Diagnosing Canine Intestinal Obstruction

It’s important to contact a veterinarian right away if you detect the signs of intestinal obstruction in your dog. Never let mild to moderate signals to continue for more than one to two days as it can lead to irreversible damage. A dog with severe signs should be taken to the nearest open veterinary office for immediate attention.

Your vet will examine your dog and discuss history before recommending further testing. If a GI obstruction is suspected, then the next step is to perform radiographs (X-rays) of the abdomen to look for abnormalities. An upper GI study with contrast may be needed to get a becometter look at the obstruction. The dog must ingest a radiopaque substance that may appear on radiograph results. This substance is typically barium, a white liquid that shows up bright white on radiographs. A series of radiographs are taken at timed intervals to watch the movement of the contrast travel through the GI tract. Thwill be allows the veterinarian to visualize the flow of the GI tract and determine the location of the blockage.

Blood and urine tests may also be needed to assess blood cell counts and organ function.
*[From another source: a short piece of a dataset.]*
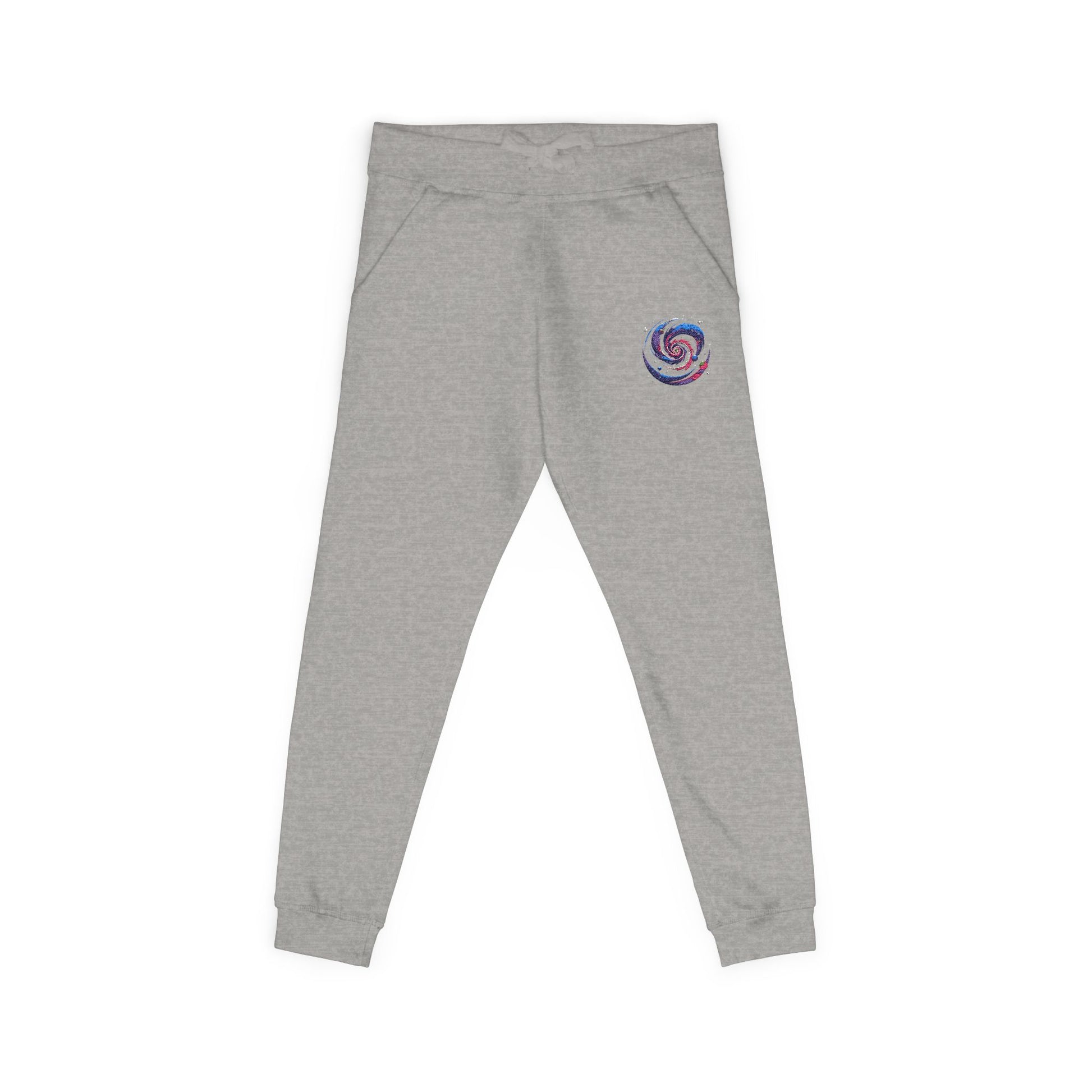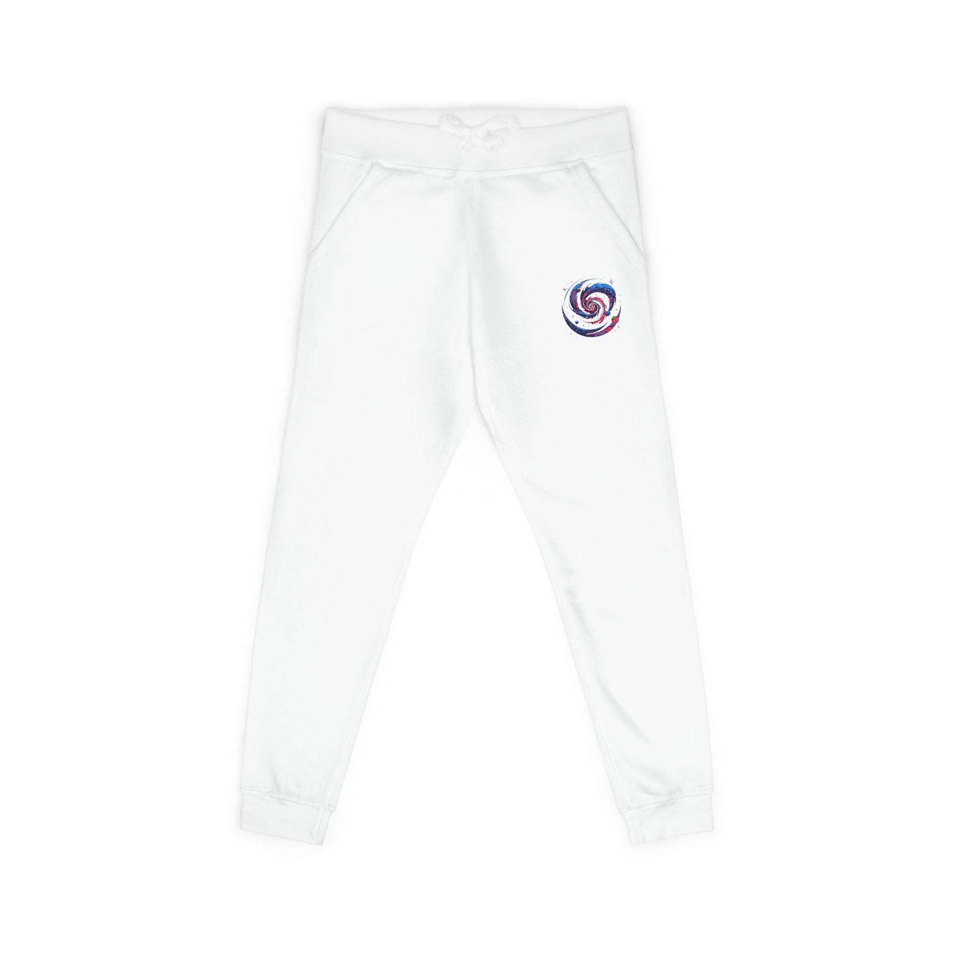 Embroidered Spiral Tie-Dye Joggers — White Fleece Sweatpants

These exams help your veterinarian assess the dog’s overall health and determine the best treatment to support recovery.


Most GI obstructions must be removed in order to restore normal GI function. This is often done through an abdominal surgery called an exploratory laparotomy. The vet will open the abdomen and locate the blockage by feeling along the intestines in the area where it appeared on the radiographs. The intestine is cut open so the obstruction can be manually removed. After this, the vet will examine the intestinal tissue to determine if permanent damage has occurred. If damage is present, the vet may need to remove part of the intestines and connect the healthy parts of the intestine to one another. The intestine is then carefully sutured closed in order to allow healing and prevent leakage. This procedure is called surgical resection and anastomosis.

If the GI obstruction is in the stomach or esophagus, an endoscopy may be effective in removing the blockage. This is far less invasive than surgery and may allow the vet to pass through the pylorus (the sphincter between the stomach and small intestine) and reach the upper part of the small intestine (upper duodenum).


A complete GI obstruction is an emergency situation that can lead to death if untreated. Special tools can be passed through the scope to retrieve or sample the obstruction. If a foreign body will be found, it might be possible for the vet to grasp it with a tool and pull it out with the endoscope. If successful, recovery is fast. However, your dog may need additional supportive care like fluids and medications.

Some intestinal blockages will pass on their own and will not require surgery or endoscopy. These dogs may still need supportive care to recover fully. Your vet will likely give your pet fluids for rehydration and medications to soothe the GI tract and prevent infection.

How to Prevent Intestinal Obstruction

You can prevent foreign body ingestion by keeping dangerous objects away from your dog. Make sure toys are too large to swallow. If your dog likes to chew up toys and eat them, be sure to only allow your dog to have them under direct supervision. Keep your dog away from trash. Watch your dog closely when outdoors. Keep laundry in a closed container. If you know your dog loves to eat certain items, be sure to keep them out of reach.

Tumors and other intestinal conditions may not be preventable, but early detection can keep partial obstructions from becoming complete. It can also minimize the damage done to the intestines. Be sure to contact your vet soon after signs appear. Visit the vet for a routine wellness checkup every year or more as recommended by your vet. There’s a chance your vet will find a complication during the exam that you will be not yet aware of.